RECORDS FOR THIS TASK>
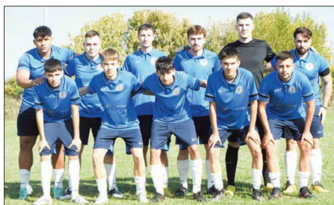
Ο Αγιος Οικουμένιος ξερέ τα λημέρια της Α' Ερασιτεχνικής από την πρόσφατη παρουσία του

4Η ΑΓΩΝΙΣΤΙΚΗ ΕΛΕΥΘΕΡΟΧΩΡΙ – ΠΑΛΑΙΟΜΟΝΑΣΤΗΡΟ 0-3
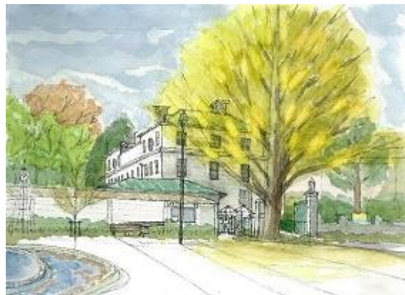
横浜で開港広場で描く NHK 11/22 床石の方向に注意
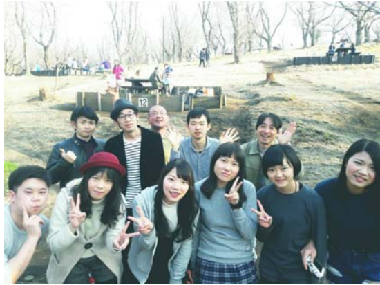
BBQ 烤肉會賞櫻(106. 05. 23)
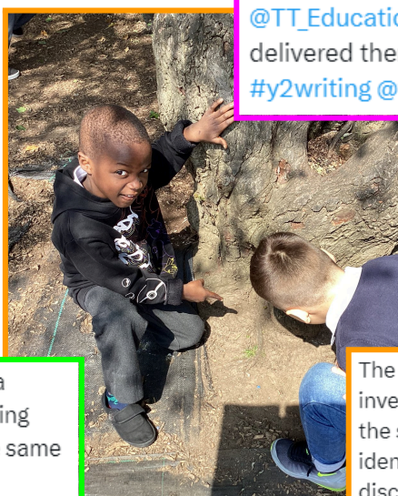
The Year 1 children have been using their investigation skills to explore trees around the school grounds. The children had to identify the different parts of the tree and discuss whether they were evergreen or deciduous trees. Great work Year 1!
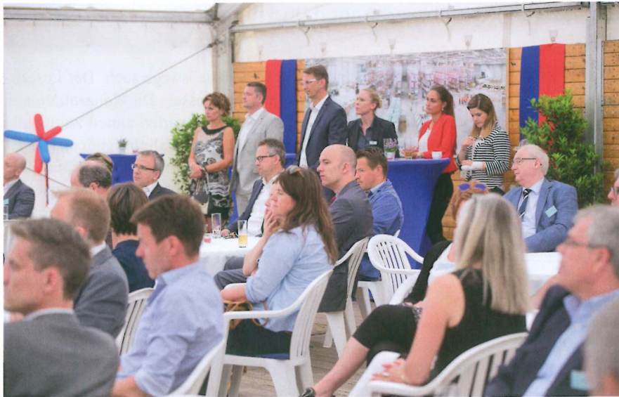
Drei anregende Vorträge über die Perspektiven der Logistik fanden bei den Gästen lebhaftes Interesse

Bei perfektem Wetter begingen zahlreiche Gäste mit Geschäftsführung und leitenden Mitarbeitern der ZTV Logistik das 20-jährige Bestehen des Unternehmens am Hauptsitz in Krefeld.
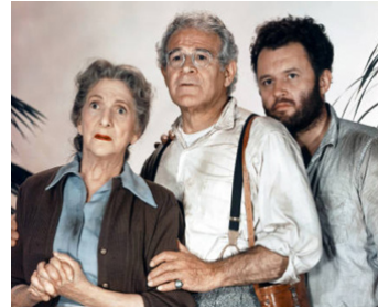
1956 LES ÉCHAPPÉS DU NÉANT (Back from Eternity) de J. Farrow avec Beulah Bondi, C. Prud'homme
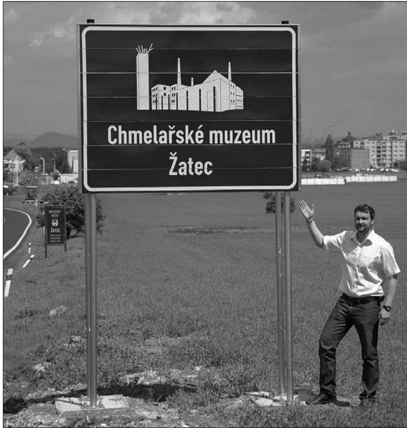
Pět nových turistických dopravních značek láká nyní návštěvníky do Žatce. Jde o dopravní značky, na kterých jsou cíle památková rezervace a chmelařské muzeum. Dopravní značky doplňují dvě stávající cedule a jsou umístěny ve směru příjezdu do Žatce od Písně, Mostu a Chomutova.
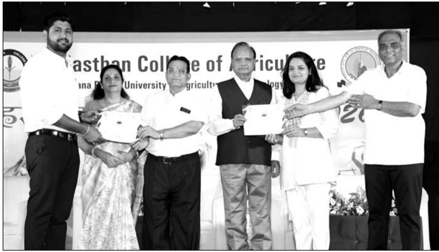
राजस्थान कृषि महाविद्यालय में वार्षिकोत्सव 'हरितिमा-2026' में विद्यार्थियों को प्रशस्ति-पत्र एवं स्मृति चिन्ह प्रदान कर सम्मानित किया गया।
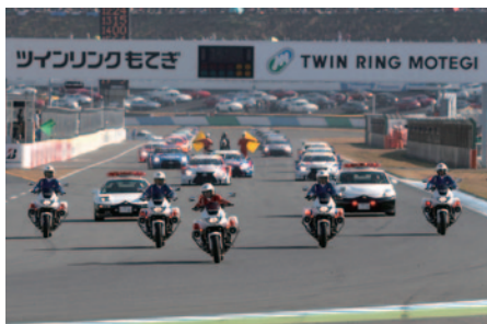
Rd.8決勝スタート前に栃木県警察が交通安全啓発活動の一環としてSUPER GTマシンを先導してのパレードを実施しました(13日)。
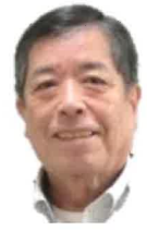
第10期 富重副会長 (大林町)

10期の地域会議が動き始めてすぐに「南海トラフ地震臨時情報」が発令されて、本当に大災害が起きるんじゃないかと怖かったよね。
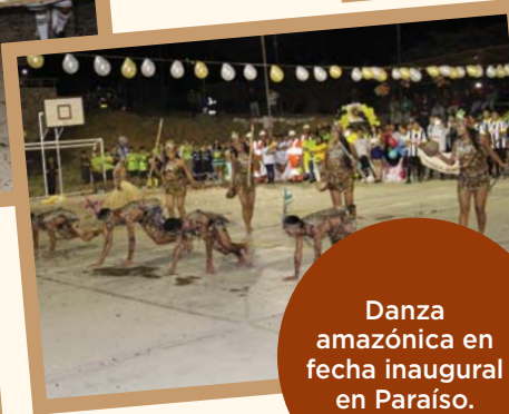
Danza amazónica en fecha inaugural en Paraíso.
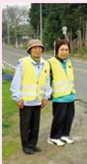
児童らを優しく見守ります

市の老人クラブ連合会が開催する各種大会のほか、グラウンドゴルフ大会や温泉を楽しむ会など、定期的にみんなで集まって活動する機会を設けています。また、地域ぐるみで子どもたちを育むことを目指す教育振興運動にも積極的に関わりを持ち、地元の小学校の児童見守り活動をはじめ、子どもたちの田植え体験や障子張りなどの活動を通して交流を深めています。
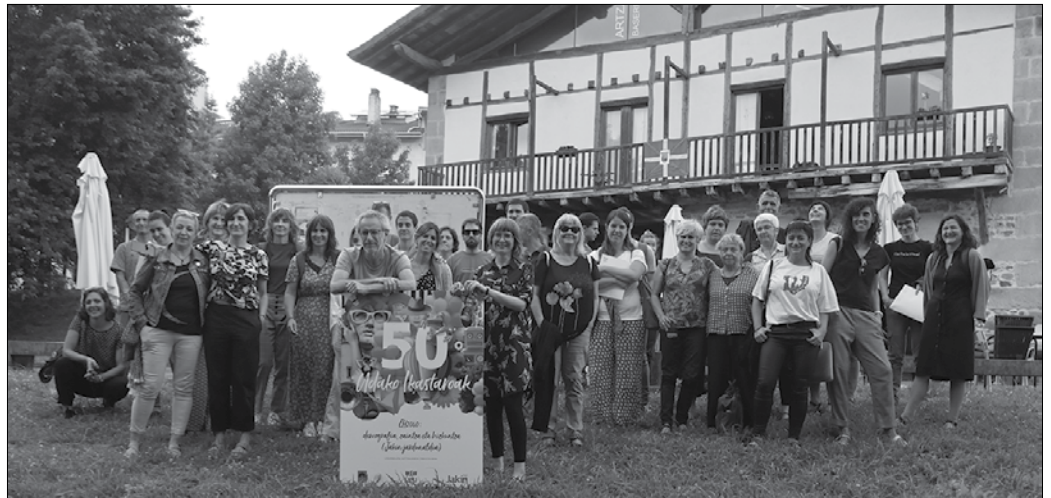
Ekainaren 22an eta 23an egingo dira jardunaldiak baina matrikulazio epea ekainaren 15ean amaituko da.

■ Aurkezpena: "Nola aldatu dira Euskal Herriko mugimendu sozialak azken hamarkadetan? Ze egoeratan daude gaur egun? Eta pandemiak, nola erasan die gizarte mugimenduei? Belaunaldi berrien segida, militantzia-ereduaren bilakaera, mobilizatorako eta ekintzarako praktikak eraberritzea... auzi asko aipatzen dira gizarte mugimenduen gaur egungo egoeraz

PROBLEM DESCRIPTION> Copy out each line of the listing that holds the word "Logistik".

RESPONSE>
Drei anregende Vorträge über die Perspektiven der Logistik fanden bei den Gästen lebhaftes Interesse
Bei perfektem Wetter begingen zahlreiche Gäste mit Geschäftsführung und leitenden Mitarbeitern der ZTV Logistik das 20-jährige Bestehen des Unternehmens am Hauptsitz in Krefeld.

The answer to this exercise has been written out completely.